2. After 24 months of benefits have been paid, the Covered Person is unable to perform, with reasonable continuity, all of the material and substantial duties of his own or any other occupation for which he is or becomes reasonably fitted by training, education, experience, age and physical and mental capacity.

These definitions of disability are referred to throughout this litigation as the "own occupation" (first 24 months) and "any occupation" (after 24 months has expired) definitions of disability. Liberty paid Cook long-term disability benefits from April 1995 to April 1997 because it found she met the "own occupation" definition of "disabled." In March 1997, as her first 24 months of benefits came to an end, Liberty informed Cook that it would be reviewing the status of her disability to determine whether she met the "any occupation" definition of "disabled." In April of that year, Dr. Blackwood returned a Physical Capacities Form to Liberty in which he reported that Cook was still suffering from CFS, but that her only limitations were "to avoid getting over-tired or working in excess of 40 hours a week." Around the same time, Dr. Blackwood issued Cook a medical certificate2 saying she could return to work on April 14, 1997, on a "trial basis," so long as she was working no more than 40 hours per week and could take regular breaks.3 The administrative record indicates that Cook presented this certificate to Sanders, which forwarded it to Liberty. Cook returned to work on that day and Liberty temporarily suspended her benefits.

Her return to work was brief. On May 5, 1997, Dr. Blackwood pulled Cook out of work again after she had a severe reaction to an infected tooth. Her medical records indicate that she complained about muscle aches and difficulty with sleeping. Also, she told Dr. Blackwood that she was feeling stress because she could not complete the work Sanders had assigned her without working more than 40 hours per week. The combination of her infection and the stress she experienced during her return to work led Dr. Blackwood to conclude that she had suffered a recurrence of CFS. His chart notes from that day also reflect his decision to "put her back out of work on an indefinite basis, noting that the note we gave her previously was for a trial return to work." On May 9, 1997, Liberty renewed Cook's disability benefits and updated her status to "approved" under the "any occupation" definition of "disabled."

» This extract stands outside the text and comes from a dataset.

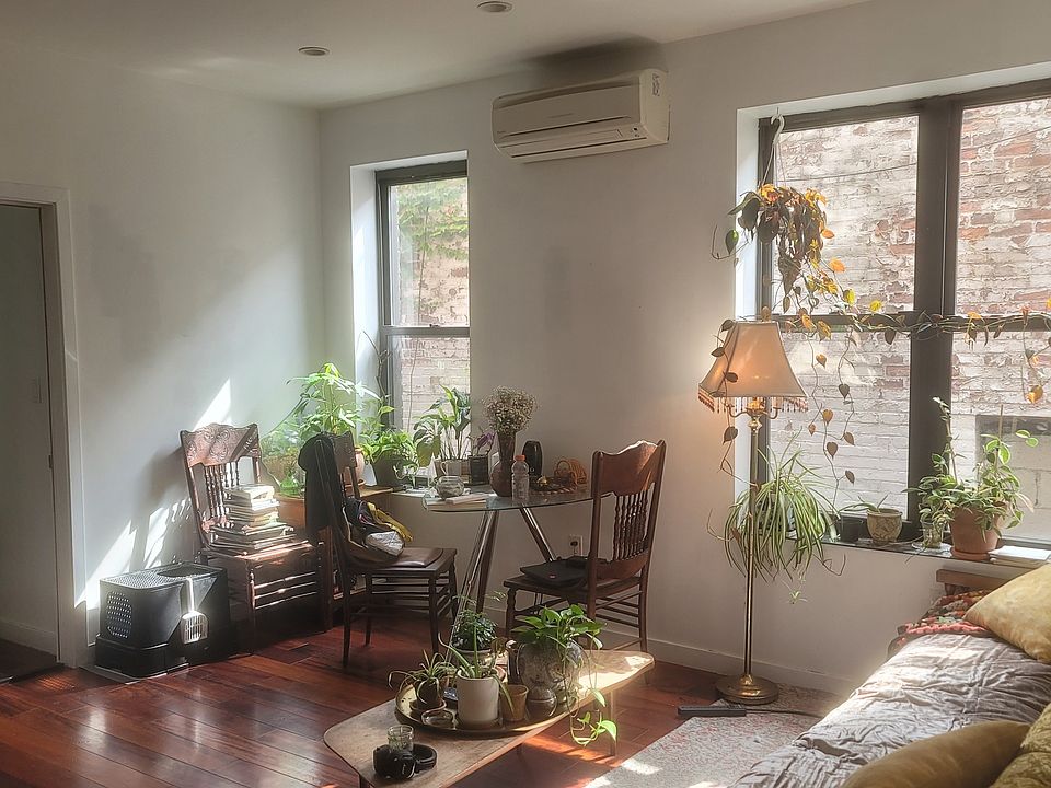 Beautiful sun-kissed 3-bedroom loft-like apartment in the heart of Clinton Hill. Apartment Features Loft-style layout with high ceilings and exposed brick Three bedrooms, two of which fit a Queen size bed a dresser and average sized desk. Brazilian wood floors throughout Central heat & A/C for year-round comfort Modern kitchen with stainless steel appliances & dishwasher Laundry available in the building Prime Location Only a 5-minute walk to the A/C and G trains quick commute to Manhattan or Downtown Brooklyn Steps from Pratt Institute, local cafes, restaurants, and boutique shops along Myrtle and Fulton Surrounded by Clinton Hill's tree-lined streets, brownstones, and vibrant community Rental Details Application fee: $20 Pet rent: $50/cat, $75/dog Bike storage: $25/month Cleaning fee due upon move-out (varies by unit size)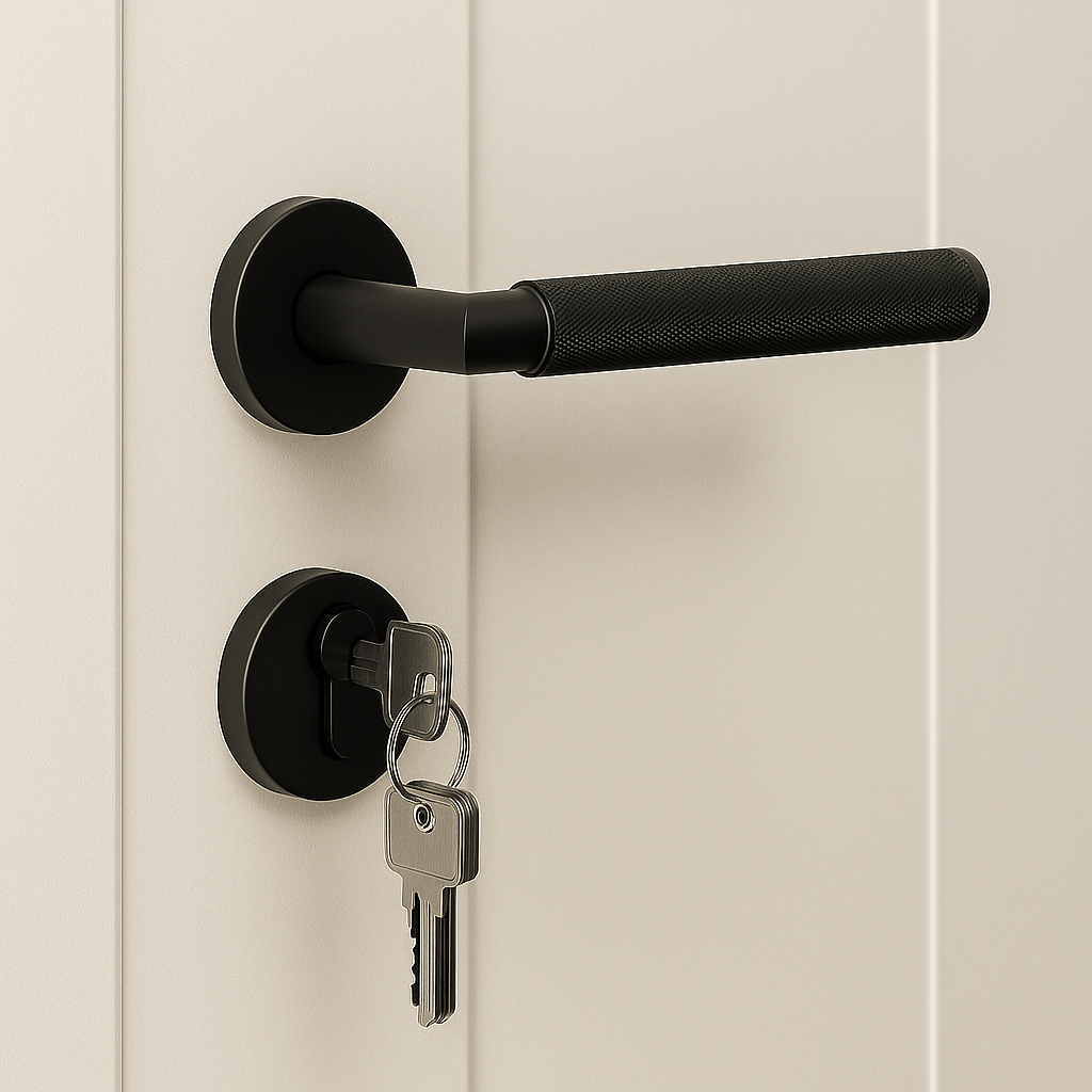 - Pakken inneholder: dørhåndtak, nøkkelskilt, låskasse, låsesylinder, nøkler, skruer

Between May 1997 and July 1998, Cook remained out of work and regularly saw Dr. Blackwood. In December 1997 and August 1998, she and Dr. Blackwood responded to Liberty's requests for updated medical information, and Liberty continued to pay her disability benefits. The most recent set of Cook's medical records included in the administrative record reveals that in June 1998, Cook reported that her fatigue had recently worsened and she was suffering generalized aches and pains, but that she was not experiencing any stress. Dr. Blackwood renewed his diagnoses of asthma, CFS, and fibromyalgia.4

During this time, Liberty learned that Cook had been working part-time with a real estate agency. When asked about it, Cook told the analyst handling her claim that she had worked two Sundays showing houses for the agency. Liberty wrote to the agency asking for Cook's work and earnings history. They responded that her duties included "occasional open houses, showings, [and] customer phone calls," and that she had earned $175.02 between April and July of 1997.